Я знаю, что необходимо принять решения. Но никто не давит на меня, требуя их принять. И я сознаю это, потому что выбор у меня примерно такой, как у смертника, которого спрашивают, как он хочет умереть: на электрическом стуле или под расстрелом. Примерно это и сказал сегодня доктор, от которого требовалось мнение номер два. Можно пройти химию и облучение – и умереть. Или можете просто умереть.

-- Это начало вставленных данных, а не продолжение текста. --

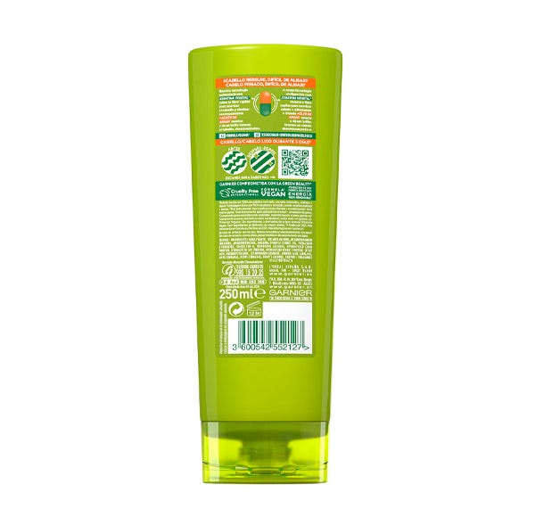 El acondicionador Fructis Liso & Brillo es un acondicionador fortificante enriquecido con aceite de argán natural y keratina vegetal líquida, ingrediente con propiedades reconstituyentes, que desenreda, disciplina, protege la fibra capilar del encrespamiento y mantiene el liso por más tiempo sin apelmazar.

У доктора Сандерса совершенно иные методы общения с пациентом. Более утешительные. Он дает мне третью возможность, единственную, где смерть не является немедленным побочным эффектом.

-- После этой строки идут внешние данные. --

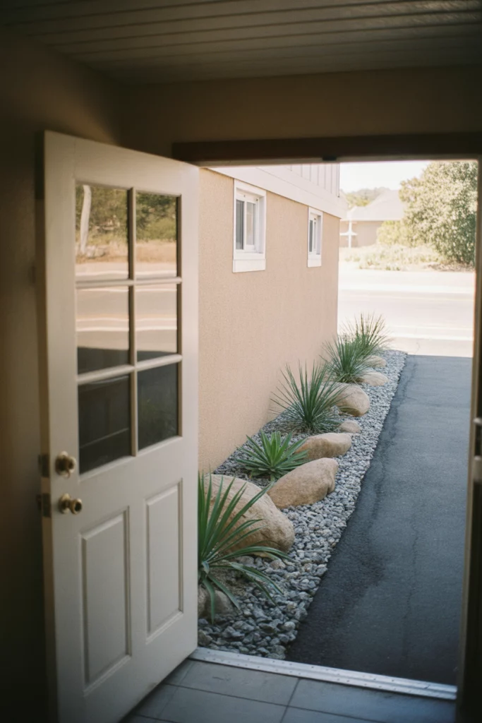 A narrow strip between driveway and walk is the perfect spot for a mini rock garden that reads Low-maintenance but high style. Combine small rocks with drought-tolerant groundcovers and a few sculptural plants. If your home leans farmhouse, choose softer, rounded boulders; for a crisp look, go with angular stones and spiky grasses to echo modern lines.

Смех пузырится в уголке моих губ. Именно это со мной происходит? Сама мысль кажется смехотворной. Смерть – это для стариков, осиротевших детей в Африке, с раздутыми животами, и отцов, сбитых машинами, когда они спокойно едут на велосипедах, не на том перекрестке, не в то время дня. А не для двадцатисемилетней женщины, только что вышедшей замуж, мечтающей о детях, чувствующей себя здоровой и бодрой и не испытывающей ни малейшей боли. Ощущение такое, словно я сижу в ресторане, и официант перепутал мой заказ. Смерть? Нет, очевидно, это ошибка. Я такого не заказывала.
Но не могу отослать блюдо назад. И теперь меня ждут четыре месяца или шесть, или год, и что теперь с этим делать?

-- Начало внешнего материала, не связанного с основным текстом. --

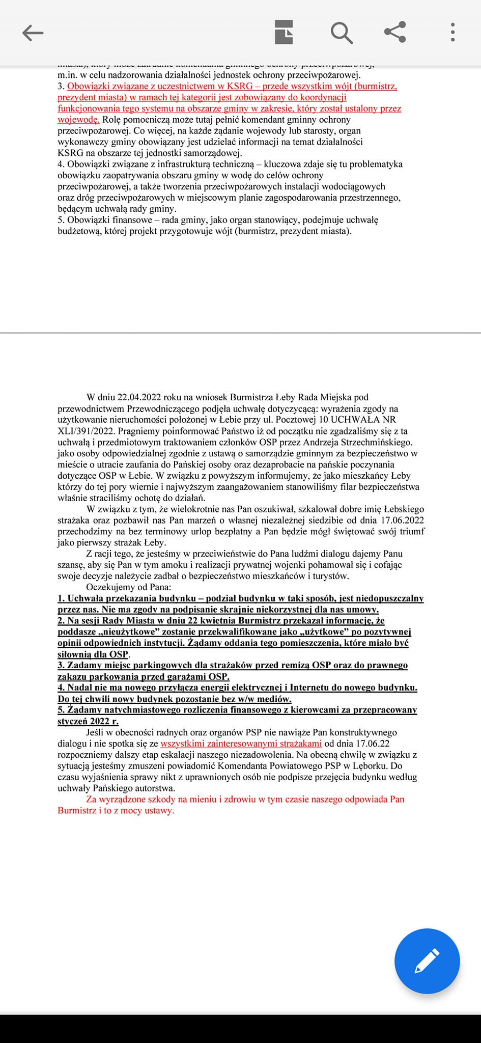 Na chwilę obecną strażacy domagają uchylenia uchwały Rady Miasta o przekazania/podziału budynku OSP Łeba w sposób skrajnie dla nich niekorzystny oraz „oddania” poddasza nieużytkowego, w którym miała powstać siłownia dla OSP. Strażacy „żądają” miejsc parkingowych przez remizą, prawnego zakazu parkowania przed garażami OSP oraz natychmiastowego rozliczenia finansowego z kierowcami za styczeń 2022 r. W dalszym ciągu oczekują też na nowe przyłącze energii elektrycznej i podłączenie internetu do nowego budynku OSP. O zaistniałej sytuacji strażacy z OSP Łeba powiadomili również Komendanta Powiatowego PSP w Lęborku.

На нашем четвертом свидании мы с Джеком пошли в «Барнс и Ноубл» и медленно бродили мимо полок, гладя руки друг друга, как бывает только с влюбленными. Играли в глупую игру, где по очереди выбирали книгу наугад и читали первую строчку или сочиняли собственную. Потом второй должен был угадать, подлинная ли это строчка или нет. В процессе игры мы наткнулись на книгу, озаглавленную «Если: вопросы к игре в жизнь». Сидя посреди прохода, мы часами стреляли друг в друга вопросами вроде «Если придется избавиться от одной конечности, какую вы выберете?» (Джек выбрал левую ногу, я – левую руку.) «Если вам позволено есть только одно блюдо каждый день до конца жизни, что это будет?» (Джек: чили-спагетти его мамы, я – гуакамоле).
Но я не могу не думать об одном вопросе. Хотя не помню, кто его задал.
«Если бы вам предстояло умереть через месяц, что бы вы делали?»
Я ответила что-то вроде сложить вещи, забронировать трансатлантический рейс, снять дом на побережье Амальфи и с головой погрузиться в подлинную итальянскую пасту и вино.
Теперь я думаю только о том, как наивно-амбициозна была. И немного стыжусь самоуверенной девушки двадцати одного года, не позволявшей перспективе смерти угнетать ее. Она будет жить одним днем! В компании бутылки красного вина, пока не испустит последний вздох. Глупая девчонка! Что она знала?